I have refused the appellation 'husband,' to this point, when we are among Ryxi at home. I will not correct you on this any longer. You look at me this way, so it is what I will be to you, if that is what brings you joy.

There is one other thing that I am. I am, more than I was in the beginning, utterly infatuated with you. I love you. I would be devastated if I lost you. I hunger for you, I would do anything for the next taste of you, I desire the touch of your skin and the sensation of your body against mine.

Deanna. I want to kill my own brother, for causing this rift between us.

Although I recognize that humans consider it laudable to be open about one's past with one's spouse, if only to avoid complications should an old lover meet the couple by chance one day, I would not have told you about Jadan.

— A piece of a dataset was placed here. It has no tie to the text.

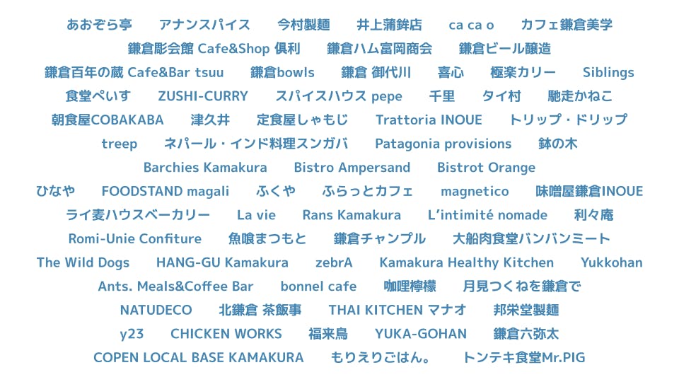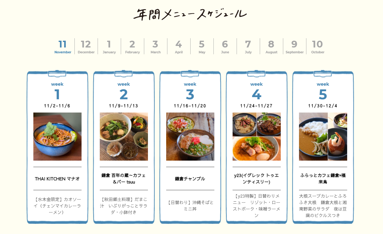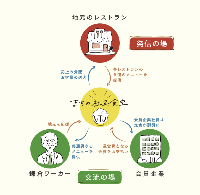 現在は共に運営する会員企業・団体が22社、60店舗近くの飲食店の皆さまにご協力いただき(2021年9月現在)毎週週替わりで地元のお店の味が楽しめる「鎌倉で働く人のための社員食堂」として営業中です!
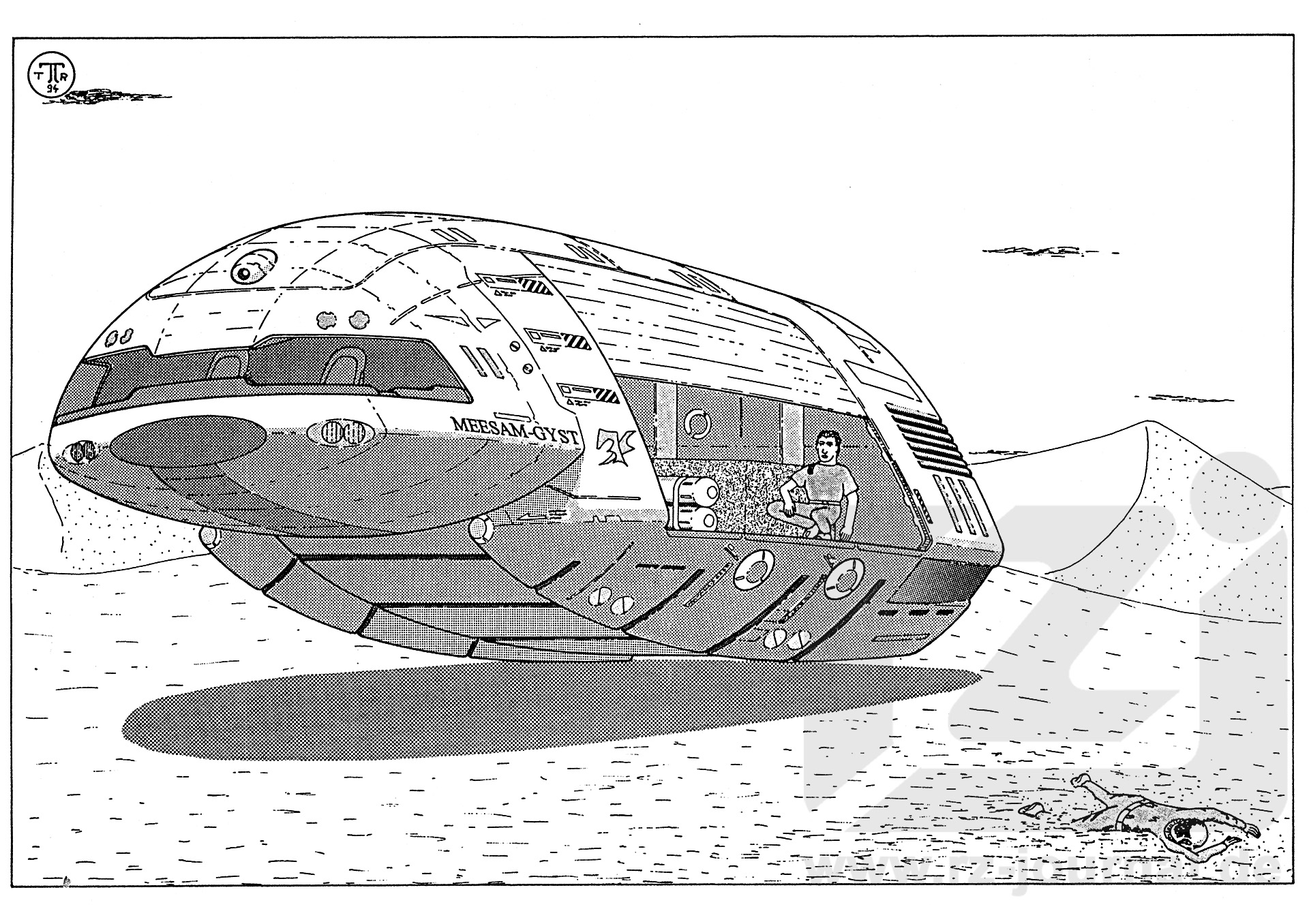 ALLGEMEINES: Selbst im Jahr 1217 NGZ leben Fängst nicht alle Menschen in den großen Metropolen Terras. Vielen scheint das Getümmel in den Großstädten zu lästig; bei Bedarf erreicht man ohnehin innerhalb kürzester Zeit mit einem öffentlichen Transmitter den Ort seiner Wahl. Es gibt allerdings noch eine ganze Reihe entlegener Dörfer, die recht wenig mit der Außenwelt zu tun haben. Da solche Orte meist nicht über größere Einnahmequellen verfügen, wird bei teuren Anschaffungen stark auf den Preis geachtet. So lassen es die zur Verfügung stehenden Gelder oft nicht zu, für jeden Einsatzzweck ein spezielles Fahrzeug zu ordern. Aus diesem Grund wurde von der Firma TerraTrans ein Mehrzweckgleiter entworfen, der eine Reihe von Einsatzgebieten zugleich abdeckt. Der Gleiter ist dafür ausgelegt. Polizei- und Rettungsflüge. Patrouillendienste, Transporte oder einfache Versorgungsaufträge durchzuführen, Nur in seltenen Fällen sind Umrüstarbeiten notwendig, was ihs besonders für die genannten Zwecke prädestiniert. Der abgebildete Gleiter stammt aus der in der Sahara gelegenen Siedlung Meesam-Gysi und wird von der Polizistin Duana agh Intells mit ihrem Co-Piloten Bonnt Fersten gesteuert, Bei Überflug in geringer Höhe entdecken sie den halb im Sand begrabenen Timmersson Gender. Wir sehen den Mehrzweckgleiter kurz nach der Landung; Bennt Fersten öffnet vom Laderaum aus das Rolltor, so dass Gender so schnell wie möglich per Antigravtrage ins Gleiterinnere gehoben werden kann.

It would have served no purpose. I have had over a century of becoming someone else -- I have no desire to take a zin. These things are a matter of individual choice, as I have explained, and my own choice was made long ago. Attractions to any person, male or female, are frequent and transitory -- the attraction is not enough for me. I am like most Ryxi. We mature over the years to recognize that reacting to scent alone, to a moment's passion based only on the physical pull of body to body, is easily denied when one keeps family in the forefront of one's mind. We call it the hierarchy of needs. You know of this, but you do not understand, I think, the fullness of the concept.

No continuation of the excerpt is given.